Since February 18, 2011, 7.02 am, on the powder-soft, pink-sand, turquoise-waters of the famous Crane Beach, at The Crane Resort in Barbados, the oldest continually operating hotel in the Caribbean, I have, somehow, someway, much to my surprise and delight, taken over 1 million iPhone photos, on 10 different iPhone cameras, in over 50 countries of the world.
It has been one of the most remarkable and memorable journeys of my adult life.
Pinch me. Did this really happen?
I remember the early-morning experience, vividly and intensely, of taking my very first, intentional iPhone photograph, facing East, watching the rising sun crest over the horizon of the mighty Atlantic. It was love at first sight. It was. It so was. It still is.
I have never, at any point in my storied and celebrated 4+ decade career, been more emotionally attached to the body-of-work I have created with my iPhone cameras. The run and ride have been sensational.
Of course, at the time, as you might have imagined, I had no earthly idea, about the significance of magnificence, of that single event and its effect on my photography purpose and passion in life. All I sensed, at the moment, was that this simple, lowly, pocket-camera would and could potentially change, challenge, and reshape, not just the way I took pictures, but how I lived my life.
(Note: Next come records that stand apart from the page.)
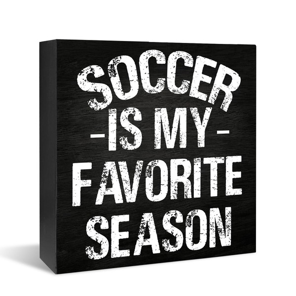 XDFVL Soccer Decor Sign, Soccer is my Favorite Season, Soccer Decor for Boys Room, Wooden Box Table Sign, Soccer Bedroom Decor, Soccer Birthday Party Decorations 5 x 5 Inch
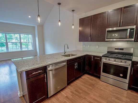 Beautiful end-unit townhouse apartment located right in the Village of Goshen! Two bedroom, two full bathroom unit with cathedral ceilings and a large 370sqft loft with elevated views of the Heritage Trail adjacent to the rear of the property. This specific loft end unit #15 is located at the western end of the property with extra windows on the west side of the building on the main floor and loft levels providing for extra light and beautiful views. Living area with large windows provide excellent views from the second floor elevation. Hardwood floors throughout the unit. Kitchen with granite countertops, quality cabinetry, stainless steel appliances, natural gas stove-top and oven. Washer and dryer located in each unit. Central air conditioning and forced air heating. Tall ceilings and bright windows. Assigned parking. Pet friendly community. Convenient to the highway and future supermarket and a short walking distance to the restaurants and local shops of Goshen. There will be a credit/criminal background check will cost $20 per adult. Tenants to pay their own gas, electric and water bill. Parking will cost $50/month for the first car and $75/month for each additional vehicle. Tenant to pay due at lease signing: 1st month rent, One month security deposit, and one month brokerage fee. Call listing agent for more details.
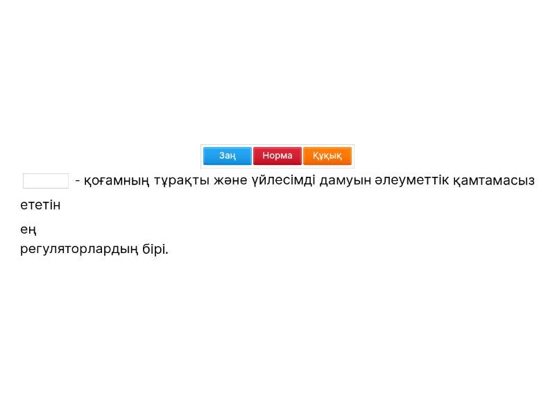 ____ - қоғамның тұрақты және үйлесімді дамуын әлеуметтік қамтамасыз ететін ең регуляторлардың бірі. Құқық нормасы - мемлекеттік билікпен танылатын, жалпыға міндетті, формальды түрде белгіленген, қоғамдық қатынастарды реттеуге бағытталған мінез-құлық ____ Жалпыға міндеттілік – белгілі бір әлеуметтік топқа емес, құқық ____ барлығына қолданылады. ____ - заңда, нормативтік құқықтық актілерде нақты мәтінмен бекітіледі. Мемлекеттік мәжбүрлеу – ____ саяси билігінің көрінісі.
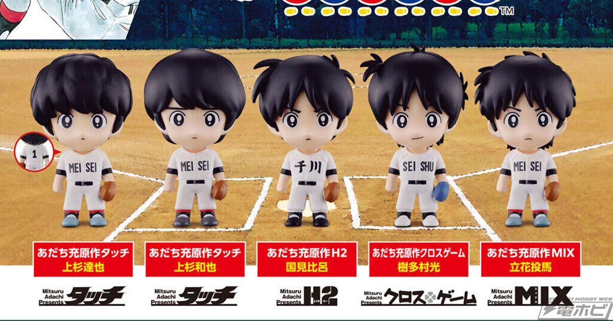 あだち充先生の画業55周年を記念したガシャポンフィギュア「ならぶんです。」が登場!『タッチ』から上杉達也&上杉和也をはじめ、『H2』国見比呂、『クロスゲーム』樹多村光、『MIX』立花投馬を収録!

It did both in glorious shape and form.
I am so very grateful.
It didn’t take long for the early infatuation with my iPhone camera to become an ongoing devotion, adoration, fixation.
In analog speak, at 36 exposures per roll, 1 million photos equal 27.7K rolls of film.
Take a million photos and divide that by my 10-year obsession with iPhone cameras, and you come with 274 images a day.
That would be 274 images per day, 7 days a week, for the last 10 years. Yikes. Talk about being prolific.
Not too shabby considering that the average consumer takes, approximately, 224 photos per year.
1 million seconds is 12 days (a vacation)
The height of a stack of 1,000,000 one-dollar bills measures 4,300 inches or 358 feet, about the height of a 30 to 35 story building.
The area covered by 1,000,000 one-dollar bills measures 111,287.5 square feet. This would cover an area approximately equal to the size of two football fields.
The length of 1,000,000 (one million) one-dollar bills, laid end-to-end, extends 96.9 miles.
Shooting 1 million iPhone photos, over a 10-year stretch of time, is a milestone of gargantuan, even herculean, proportions, that I am humbly proud of.
I know, firsthand, from experience, what works and what doesn’t.
And the best news of all, I have the images to prove it.
Oh, do I have the images!
Never, in my wildest dreams, did I imagine, for a second, that this plebeian phone-camera device, would forever alter and transform the trajectory of my career and life. But it has, is, and, I bet, will continue, until I leave this good earth
I’m looking forward to the next million iPhone photos.
At some level, I feel I’m just getting started.